4.2.1 ⚡ The Magic Command: Bringing Your Portrait to Life

4.3 🔍 Command Breakdown

4.4 1. python inference.py

4.5 2. --driven_audio french-female.wav

4.6 3. --source_image Lilach_face.png

4.7 4. --enhancer gfpgan

4.8 🔄 The SadTalker Workflow

4.9 💡 Quick Troubleshooting for your Demo

5 🧍 Beyond the Headshot: Full-Image Animation

5.1 🛠️ The Key Ingredient: --preprocess full

5.1.1 The Command Structure

5.2 💡 Important Considerations for Full Mode

6 ✨ Final Thoughts: The Future of Digital Expression

7 ❓ Frequently Asked Questions (FAQ)

7.1 What is SadTalker AI?

7.2 Do I need a GPU to run SadTalker?

7.3 How do I make the output video look high quality?

7.4 Can I prevent the head from moving too much?

7.5 Does SadTalker work with different languages?

7.6 How do I animate a full-sized photo instead of a crop?

7.7 What file formats does SadTalker support?

7.8 How can I fix “Out of Memory” errors?

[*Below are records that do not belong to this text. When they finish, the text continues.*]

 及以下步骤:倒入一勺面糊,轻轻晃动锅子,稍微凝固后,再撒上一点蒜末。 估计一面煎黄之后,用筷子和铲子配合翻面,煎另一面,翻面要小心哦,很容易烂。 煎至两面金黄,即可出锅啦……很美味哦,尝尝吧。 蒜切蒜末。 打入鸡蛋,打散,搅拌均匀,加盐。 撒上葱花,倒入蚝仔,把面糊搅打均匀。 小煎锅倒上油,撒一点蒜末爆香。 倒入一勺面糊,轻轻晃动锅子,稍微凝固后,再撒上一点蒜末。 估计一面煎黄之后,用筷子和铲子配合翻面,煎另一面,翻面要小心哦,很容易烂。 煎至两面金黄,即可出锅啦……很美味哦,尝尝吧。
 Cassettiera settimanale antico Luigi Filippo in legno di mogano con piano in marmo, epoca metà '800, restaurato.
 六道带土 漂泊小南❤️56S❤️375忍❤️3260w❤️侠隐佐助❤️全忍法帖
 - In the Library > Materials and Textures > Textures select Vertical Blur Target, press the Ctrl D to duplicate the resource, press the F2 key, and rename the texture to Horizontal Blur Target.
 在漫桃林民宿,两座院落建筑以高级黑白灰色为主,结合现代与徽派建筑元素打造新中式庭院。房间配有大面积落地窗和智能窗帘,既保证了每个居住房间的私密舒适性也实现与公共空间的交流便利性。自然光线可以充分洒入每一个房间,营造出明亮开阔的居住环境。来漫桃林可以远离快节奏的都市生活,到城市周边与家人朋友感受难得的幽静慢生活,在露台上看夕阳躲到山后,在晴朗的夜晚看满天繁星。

7.9 What is “Pose Style” in SadTalker?

7.10 Is SadTalker free to use?

Last Updated on 26/02/2026 by Eran Feit

SadTalker tutorial: Bringing your portraits to life has never been easier. Imagine taking a static photo of a historical figure, a digital character, or even yourself, and making it speak with realistic facial expressions and head movements. In the past, this required a professional animation studio. Today, thanks to the SadTalker open-source project, you can achieve professional results for free on your own computer.

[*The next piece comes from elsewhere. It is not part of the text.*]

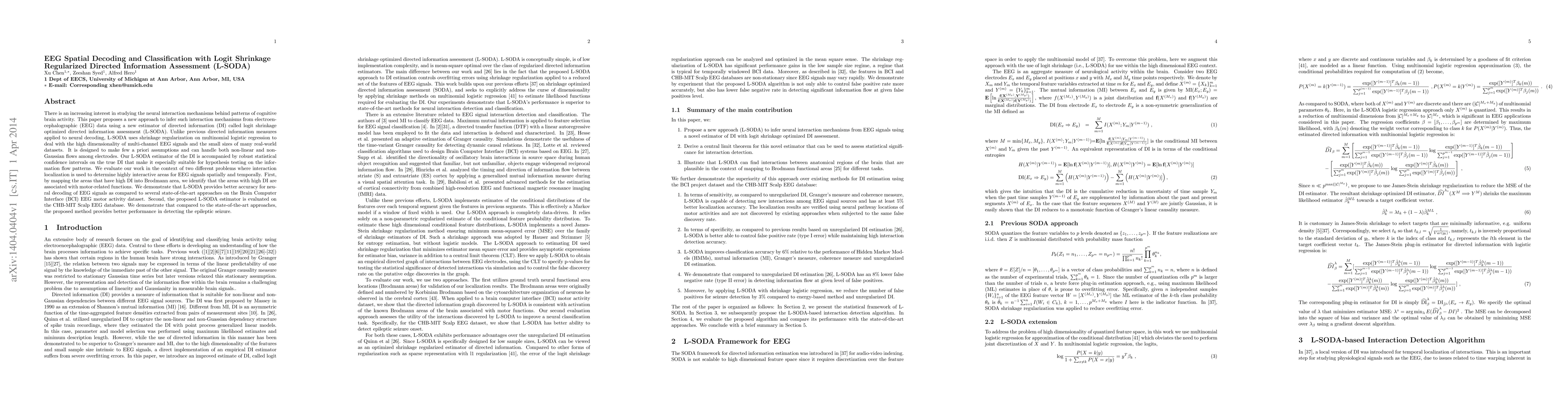 There is an increasing interest in studying the neural interaction mechanisms behind patterns of cognitive brain activity. This paper proposes a new approach to infer such interaction mechanisms from electroencephalographic (EEG) data using a new estimator of directed information (DI) called logit shrinkage optimized directed information assessment (L-SODA). Unlike previous directed information measures applied to neural decoding, L-SODA uses shrinkage regularization on multinomial logistic regression to deal with the high dimensionality of multi-channel EEG signals and the small sizes of many real-world datasets. It is designed to make few a priori assumptions and can handle both non-linear and non-Gaussian flows among electrodes. Our L-SODA estimator of the DI is accompanied by robust statistical confidence intervals on the true DI that make it especially suitable for hypothesis testing on the information flow patterns. We evaluate our work in the context of two different problems where interaction localization is used to determine highly interactive areas for EEG signals spatially and temporally. First, by mapping the areas that have high DI into Brodmann area, we identify that the areas with high DI are associated with motor-related functions. We demonstrate that L-SODA provides better accuracy for neural decoding of EEG signals as compared to several state-of-the-art approaches on the Brain Computer Interface (BCI) EEG motor activity dataset. Second, the proposed L-SODA estimator is evaluated on the CHB-MIT Scalp EEG database. We demonstrate that compared to the state-of-the-art approaches, the proposed method provides better performance in detecting the epileptic seizure.

Imagine taking a static photo of a historical figure, a digital character, or even yourself, and making it speak with realistic facial expressions and head movements. In the past, this required a professional animation studio. Today, thanks to SadTalker, you can do it for free on your own computer.

SadTalker is an open-source project (featured at CVPR 2023) that has taken the AI community by storm. It doesn’t just “warp” a mouth onto a face; it uses 3D motion coefficients to learn how a real human head moves while speaking.

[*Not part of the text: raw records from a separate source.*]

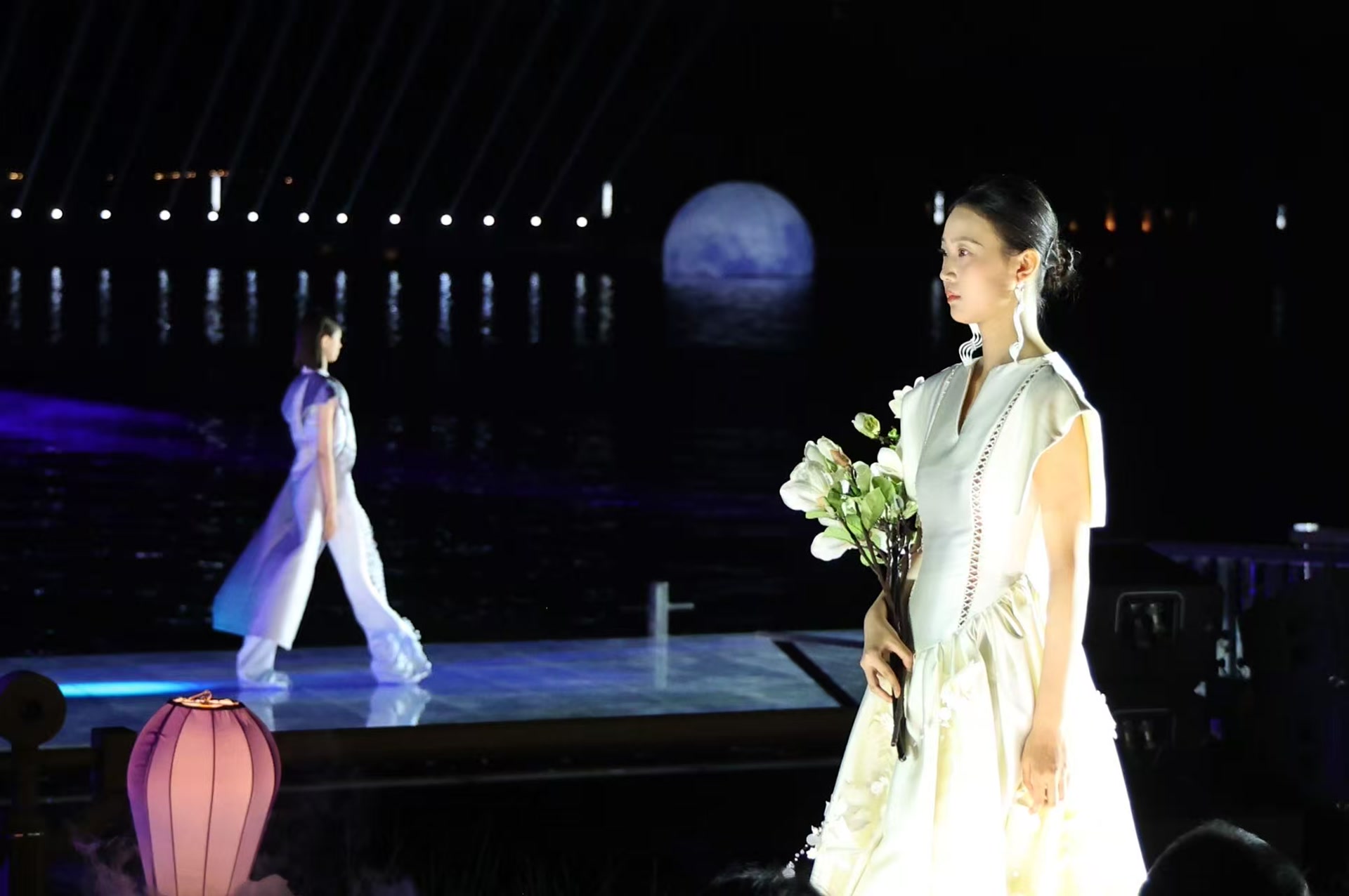 “水上红毯”环节以阿卡贝拉(无伴奏合唱)启幕,岸边灯光勾勒码头轮廓,水幕投影流转运河古今景象。模特踏上T台时,LED地屏波光随步态起伏,音乐相伴其间,打造出沉浸式“时空漫游”体验。现场观众表示:“走进了运河的历史文化”。
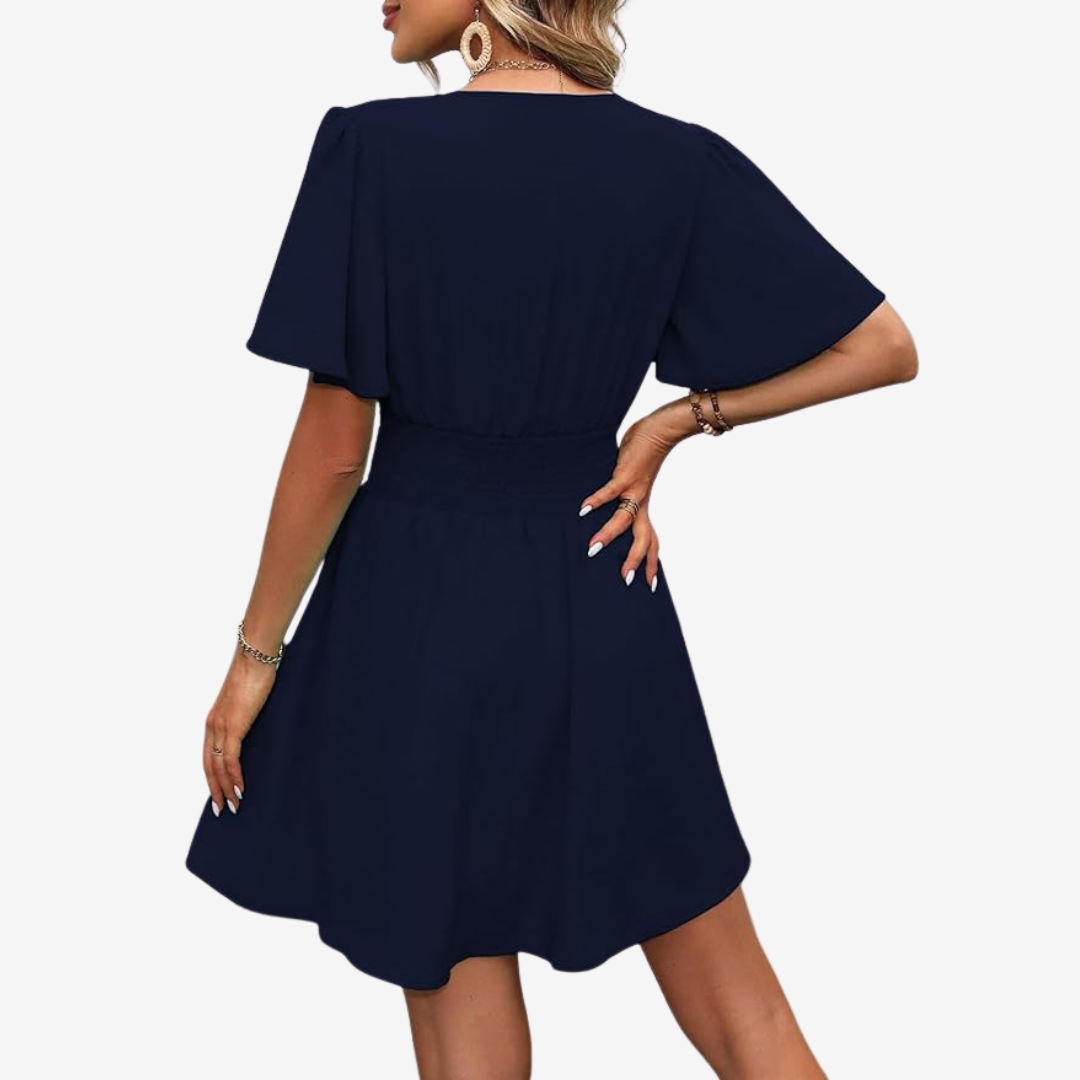 Découvrez Éviana™, une robe droite chic et séduisante, parfaite pour les soirées d'été comme pour les sorties décontractées. Dotée de manches lanterne romantiques et d'un décolleté en V ludique, cette robe se cintre gracieusement à la taille avant de se transformer en une jupe légèrement plissée. Déclinée dans une collection de riches tons de bijoux et d'imprimés floraux, Éviana™ incarne l'élégance naturelle et la polyvalence de jour comme de nuit. Associez-la à des sandales pour un brunch décontracté ou sublimez-la avec des bijoux et des talons pour un rendez-vous galant.
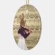 Funny bunny rabbit character in a dress wearing a dress playing a violin on a vintage music sheet background.

222490039 b1f6156b bf00 405b 9fda 0c9a9156f991 — From Photo to Speaker: The Ultimate Guide to SadTalker AI 6

🌟 Why SadTalker is a Game-Changer

While there are paid services like D-ID and HeyGen, SadTalker offers professional-grade results for free and gives you full control.

Realistic 3D Motion: Unlike 2D-based models, SadTalker generates 3D facial landmarks, meaning the head tilts and turns naturally as the person speaks.
Audio-Driven Realism: The AI analyzes the tone and rhythm of your audio file to synchronize lip movements and blinking perfectly.
One-Shot Animation: You only need one image. No training or multiple angles required.
Face Enhancement: With built-in GFPGAN support, the AI can “upscale” and sharpen the face during animation, ensuring the final video looks crisp and high-quality.

🛠️ Getting Started: SadTalker Tutorial Installation Guide

You can run SadTalker locally on Windows or Linux. Based on the latest community best practices, here is how to set it up:

Environment Setup: Use Python 3.10.6 and Git.
Clone the Repo: Download the code directly from GitHub.
Requirements: Install the necessary dependencies using pip.

By following this SadTalker tutorial, you will avoid the common pitfalls of AI installation and get straight to creating your first talking avatar.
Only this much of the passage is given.